ASSIGNED TASK: Range to repeat from the listing below: the line containing "To fix the error, go" down to the line containing "ی دختر با روپوش", both included. Copy it exactly, pictures excluded, and add nothing else.

THE DATA:
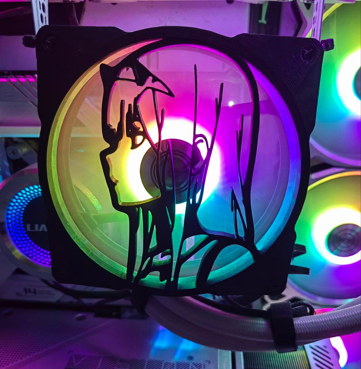 Защитная решетка вентилятора ПК 120 мм. Демоница на качелях
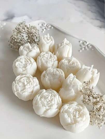 Vela con forma de rosa artesanal y perfumada - Decoración del hogar romántica y regalo perfecto para el Día de San Valentín, bodas, Día de la Madre y ocasiones especiales | Vela única de cera vegetal | Ideal para decoraciones, accesorios de fotografía, regalos de cumpleaños y obsequios de bodas - Disponible al por mayor - Blanco - Añade 11
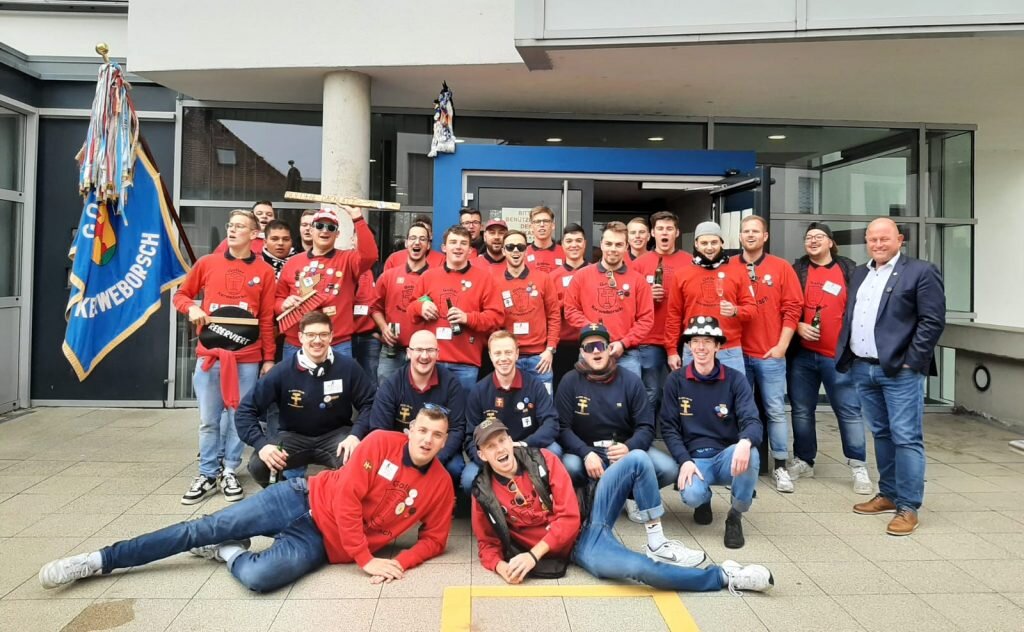 Vor der Verwaltungszentrale spendierte Bürgermeister Marcus Kretschmann Sekt für die Damen und Bier für die Kerweborsch. Bestens gelaunt schwärmten die Kerweborsch von einer „super Kerb“. Das 2-G-Konzept für die Veranstaltungen in der Christoph-Bär-Halle habe sehr gut funktioniert und der Umzug bei bestem Wetter sei sehr schön und ein voller Erfolg gewesen.
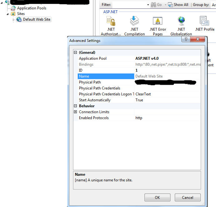 To fix the error, go to IIS Manager-Sites-Default Web Site->Manage Web Site-Advanced Settings. Set the Physical path e.g
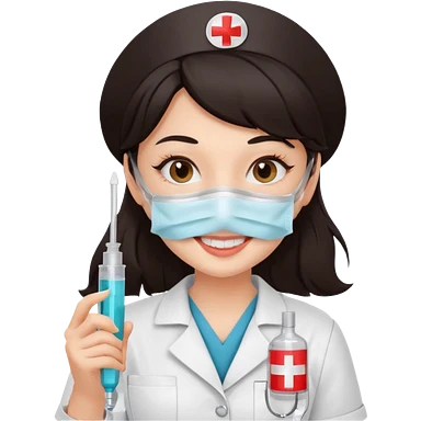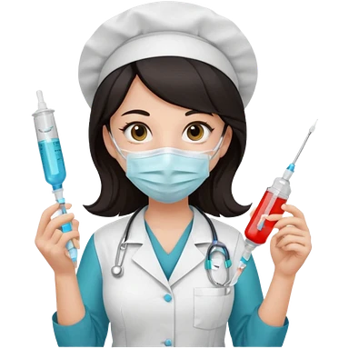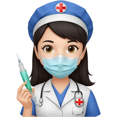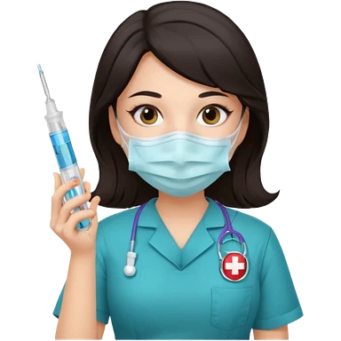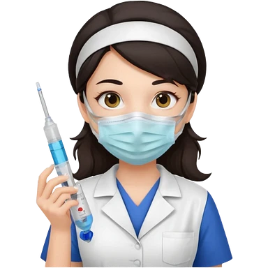ی دختر با روپوش پرستاری و ماسک موی مشکی و امپول ب دست emoji
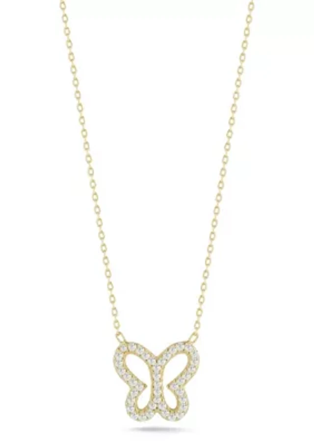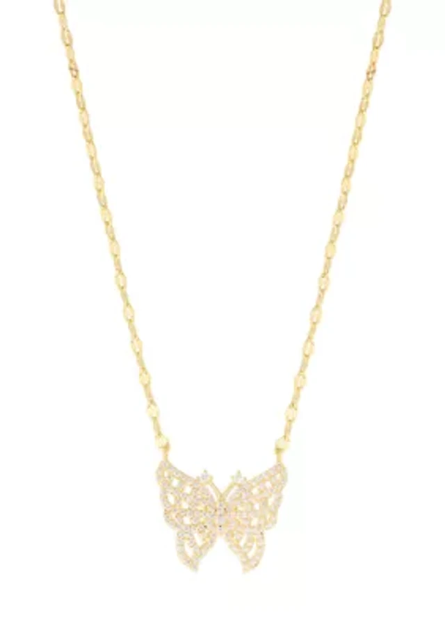 Cubic Zirconia Dragonfly Pendant 18" Necklace in Sterling Silver with 12K Rose and Green Gold

RESPONSE AREA:
 To fix the error, go to IIS Manager-Sites-Default Web Site->Manage Web Site-Advanced Settings. Set the Physical path e.g
ی دختر با روپوش پرستاری و ماسک موی مشکی و امپول ب دست emoji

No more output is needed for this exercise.